(Extracted data entries)

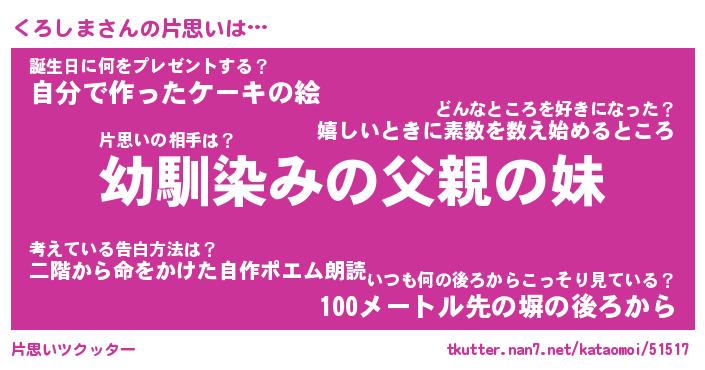 | ヘコむあだ名 | 『くろにゅー』『牛乳』『くろ太郎』 |
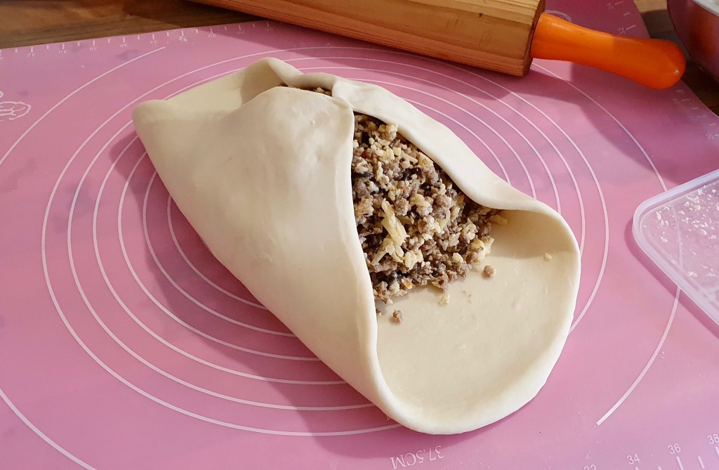 - Assemble: Once the filling has cooled and the dough has rested, assemble the paratha. Make sure you have a large pan 30cm wide that the paratha will fit in. If not, divide the dough into half or quarters and make multiple small stuffed parathas. Roll out the dough into a flat circle about 7mm thick. Mix the shredded cheese with the pork filling and pour the contents into the centre of the dough. Bring the edges of the dough together over the filling to form a ball, try to squeeze out any air pockets before you seal it. Make sure the top is sealed well. Gently press down on the dough ball to flatten it and then use a rolling pin and carefully flatten the ball in all directions until roughly 1cm thick. You may be able to see the filling just under the dough.
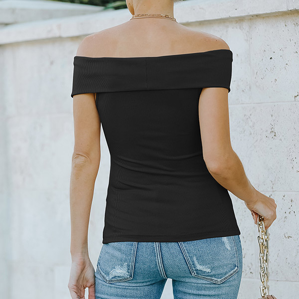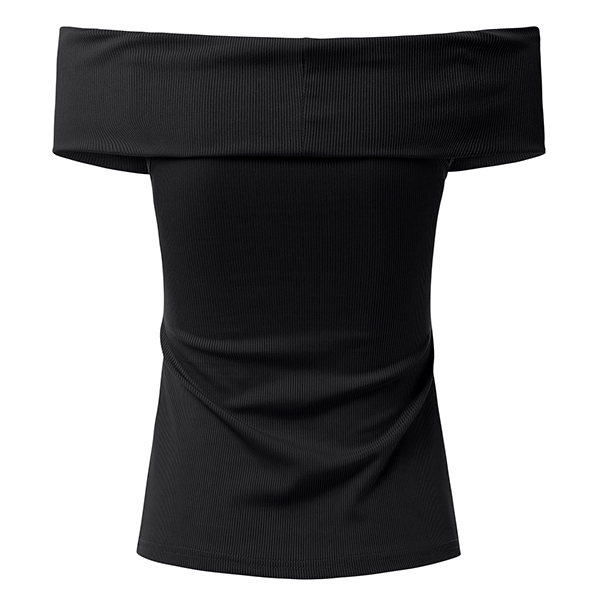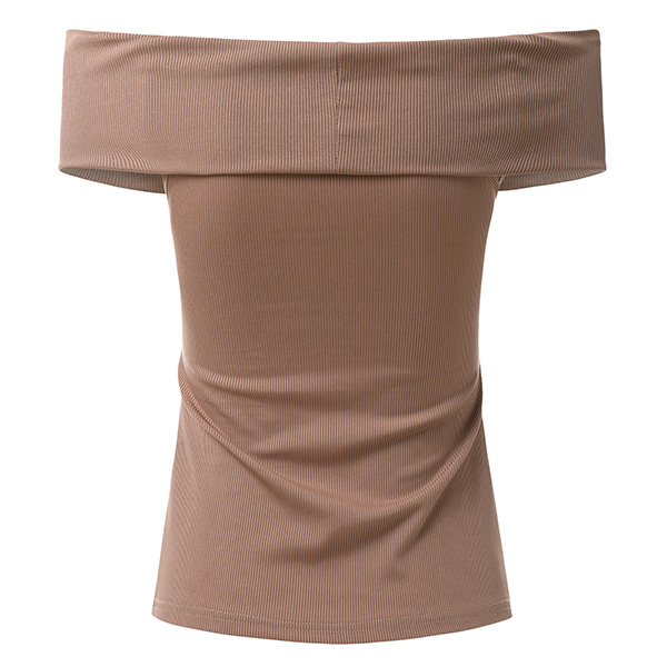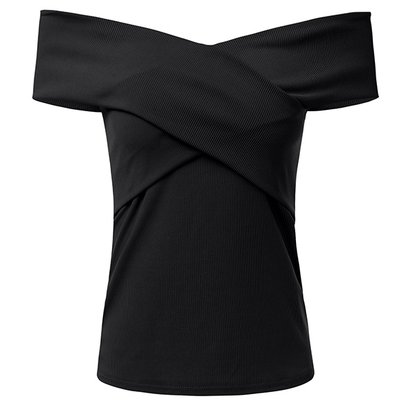 Sexy Off-shoulder Crossover Boat Neck Solid Color T-shirt
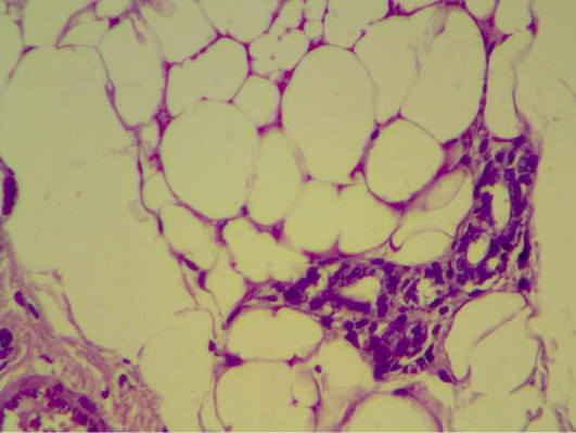 Mammary gland section shows mild inflammatory cell with normal looking adipose tissue. (H&E 200 X) (H&E 400 X)
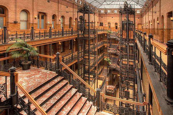El edificio Bradbury situado en 304 South Broadway, Los Angeles (California) ha aparecido en Blade Runner, Más fuerte que la ley, Arma letal 4, The Artist, 500 días juntos, Cadena de favores, Yo, el jurado, Préstame tu marido, El hombre indestructible, Las rocas blancas de Dóver, Un detective barato o La ley de Murphy.
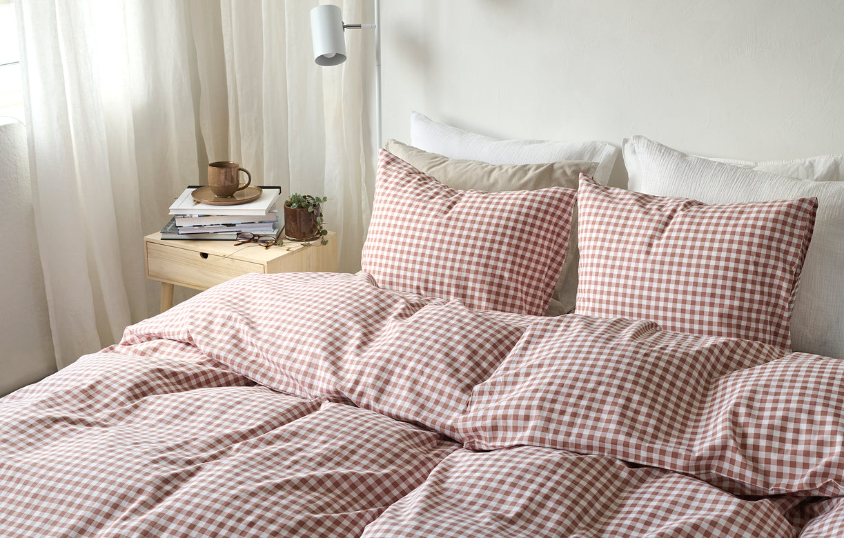 Egenskaper: Påslakan med hörnhål, örngott med kuvertöppning
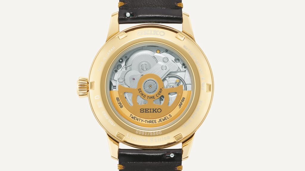 Like many previous iterations of the famous ‘Cocktail Time’ Presage watches, the highlight of the SRPH78 is its stunning textured dial. The light golden hue of the dial evokes Japan’s golden natural environment, which is dominated by ears of rice, a raw material used in the production of Sake, a major ingredient of the “Houjou” cocktail. Placed on top of the dial are polished and faceted golden hour markers that add to the dressy nature of this timepiece. The dauphine style hour and minute hands and the stick style seconds hand have also been presented in a golden tone. To provide a nice contrast to the golden background, and, to enhance legibility, the minute track is printed in black.

## Instructions for the task
Please give back an exact copy of the entries above from their first line through the line containing "Mammary gland section", leaving the pictures aside.

## Solution for this task
 | ヘコむあだ名 | 『くろにゅー』『牛乳』『くろ太郎』 |
 - Assemble: Once the filling has cooled and the dough has rested, assemble the paratha. Make sure you have a large pan 30cm wide that the paratha will fit in. If not, divide the dough into half or quarters and make multiple small stuffed parathas. Roll out the dough into a flat circle about 7mm thick. Mix the shredded cheese with the pork filling and pour the contents into the centre of the dough. Bring the edges of the dough together over the filling to form a ball, try to squeeze out any air pockets before you seal it. Make sure the top is sealed well. Gently press down on the dough ball to flatten it and then use a rolling pin and carefully flatten the ball in all directions until roughly 1cm thick. You may be able to see the filling just under the dough.
 Sexy Off-shoulder Crossover Boat Neck Solid Color T-shirt
 Mammary gland section shows mild inflammatory cell with normal looking adipose tissue. (H&E 200 X) (H&E 400 X)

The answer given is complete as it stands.